What would I say now if I could do it over? Like the exemplary woman honoured in the Book of Proverbs, my mother led her life with notable strength and determination. She survived cancer twice and went back to school while raising three kids, including my brother, who has Down Syndrome and struggled with a cancer diagnosis of his own. She worked her way up to become the head of an inpatient psychiatric unit and was active in many local nonprofits. One of the last things she did before she died was help establish a small group home for my brother in our community so he could live his adulthood with some independence from our family. She made so many things look easy, whether offering therapy, creating a beautiful home, or finding that perfect shirt on a Loehmann’s discount rack. A woman of valour, indeed.

It turns out she was also an accomplished eulogist. I recently found a printed copy of the remarks she gave for her own mother. In them, she describes my grandmother’s volunteer work at a free dental clinic on the Lower East Side and the many sacrifices my grandmother made over the years for family and friends. She captures my grandmother’s spirit — her dark sense of humour and her can-do attitude.

There is one moment where my mother’s all-praising voice falters. She describes the broken hip that precipitated my grandmother’s death. I remember that summer well. We all expected my grandmother to recover, but she didn’t. My mother often came home from the hospital in tears, frustrated by my grandmother’s lack of progress. In the eulogy, my mother frames this as my grandmother’s choice. For years, my grandmother chastised my mother for not visiting enough, not calling enough, not loving enough. Now it was my grandmother’s turn to disappoint her daughter by not fighting hard enough to live.

This moment — where my mother’s consternation seeps out — comforts me. It reminds me that I wasn’t the only one who brought my hurt into a situation intended to celebrate another’s strengths. It also made me realise that while my issues with my mother were specific to us, many others have also struggled with their relationship with a parent. And haven’t most of us carried some of that struggle into our adulthoods? Where do we hide these hurts? And when do they slip out?

The author, age 10, with her mother in their backyard. "This is my favorite photo of us together," she writes.
Courtesy of Alyson Pomerantz
The author, age 10, with her mother in their backyard. "This is my favorite photo of us together," she writes.

I don’t think that I intentionally chose to make my mother look bad in my eulogy. As I searched for the right words to talk about who she was, perhaps I was facing the uncomfortable fact that she never did the same for me. And now, never would.

While I might not be my mother’s carbon copy, as she had once believed, this is one place where our images certainly and squarely overlapped: We both shared an inability to truly see each other separate from one another.

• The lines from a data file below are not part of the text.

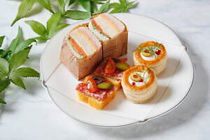 中段は、抹茶タルトに甘く煮た黒豆をトッピングした「抹茶と黒豆のタルト」など、“和の素材”同士をコンビネーションさせたスイーツを展開。また、「ハムとチーズ、サーモンときゅうりのサンドウィッチ」「サラミのオープンサンド」といったこだわりのセイボリーは、下段に並べている。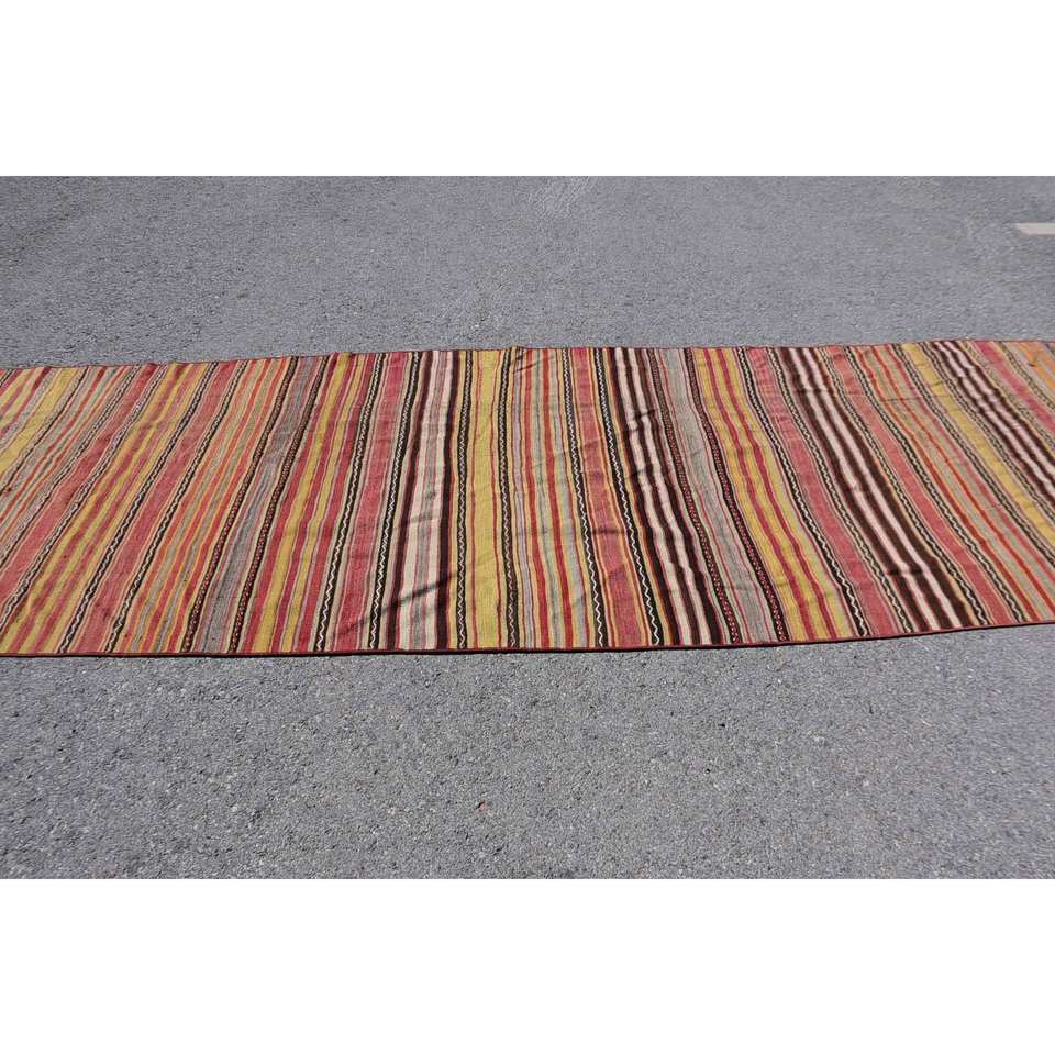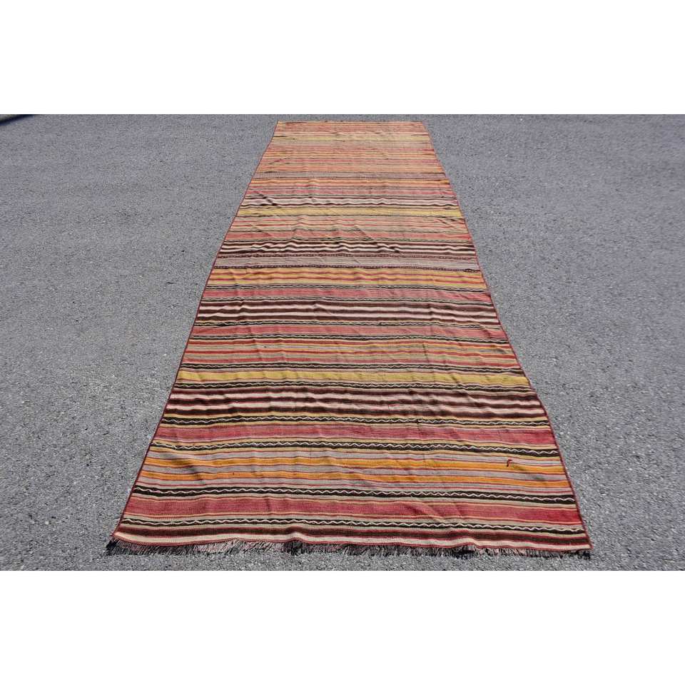 พรม kilim พื้นที่กว้างแบบวินเทจขนาด44x133ฟุตดีไซน์เย็บปะสีแดงสีเหลืองวัสดุขนสัตว์เทคนิคการถักแบบแบนสำหรับวัยรุ่น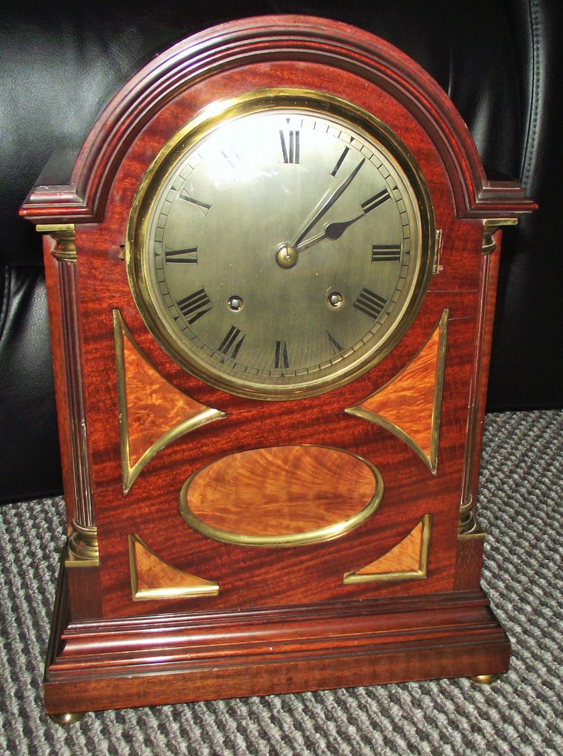 Large English Regency revival Bracket clock Circa1910 Mahogany case with brass & walnut embellishments. 2 train barrel striking movement ( English Movement ) with key .( seen ticking ) 17 tall & 12 wide with original purchase paperwork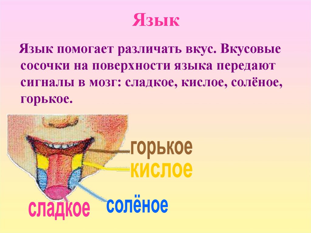 ЯзыкЯзык помогает различать вкус. Вкусовые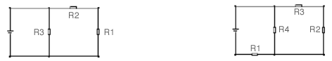 - Exprimez la résistance équivalente de chacun des circuits ci-dessous.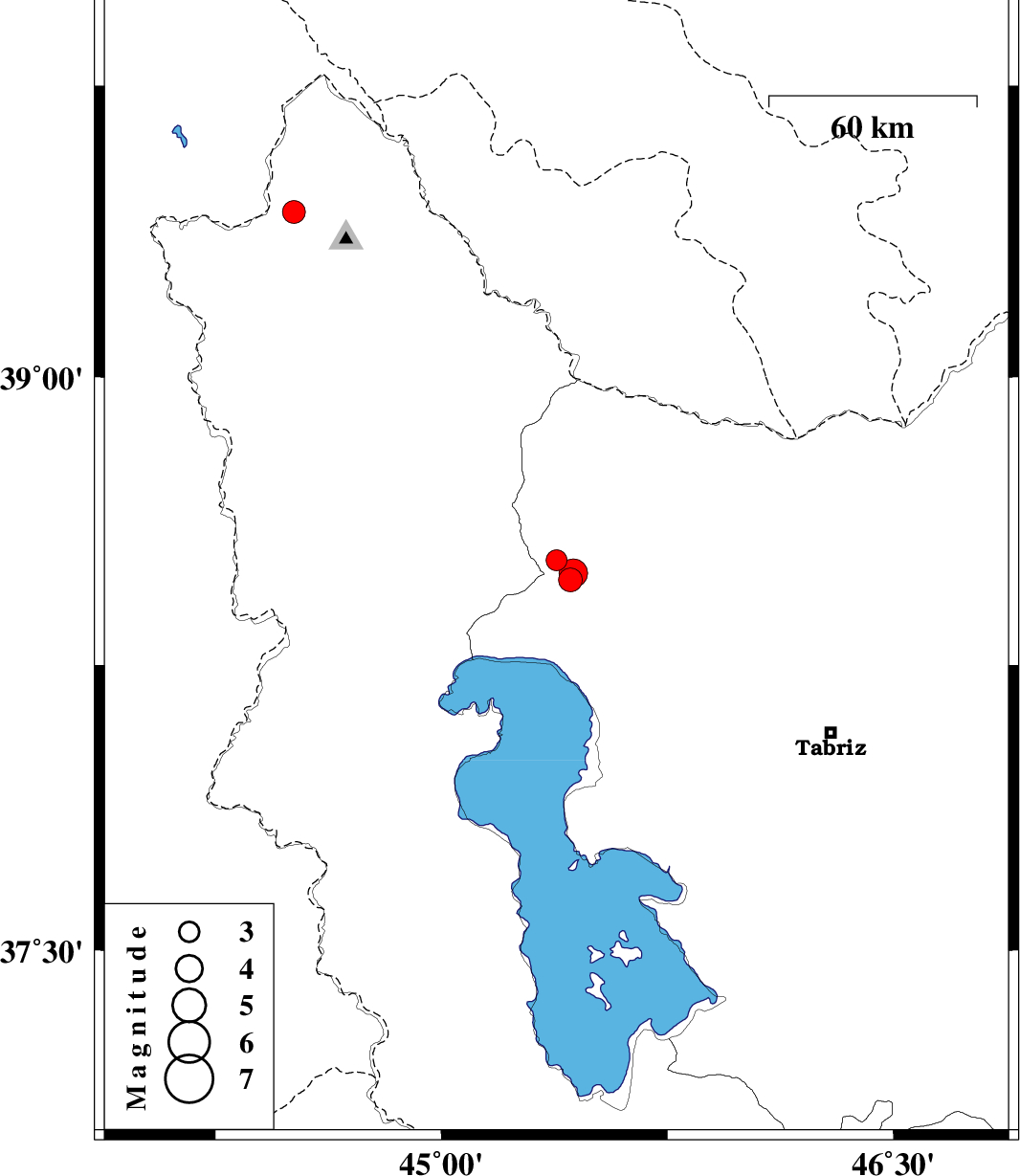 | 2023/09/17 | 19:30:02.9 | 23:00:02.9 | 39.425 | 44.51 | 8 | ML3.4 | Azarbaijan Gharbi Province, 15 km North of Maku |

In the final words of my eulogy, I remember addressing my mother directly. “I love you, Mom,” I said, crying at “Mom” — a word that had taken up so much space in my life and now would have new meaning without her.

I might have botched the eulogy, but no one could mistake my emotion: I loved my mother very much. And while our love for each other couldn’t completely bridge our differences, I hold onto the thought that had my mother lived, this love would have enabled us to work through our issues.

Unlike a eulogy, a relationship does not exist at a fixed moment in time. The story of my mother and me continues to write itself in my head. In my imagination, there is always room for a do-over.

Alyson Pomerantz writes memoir and screenplays, mostly while commuting by train to New York City. She is at work on a memoir about understanding her sexuality and finding love in her 20s and 30s after the death of her mother.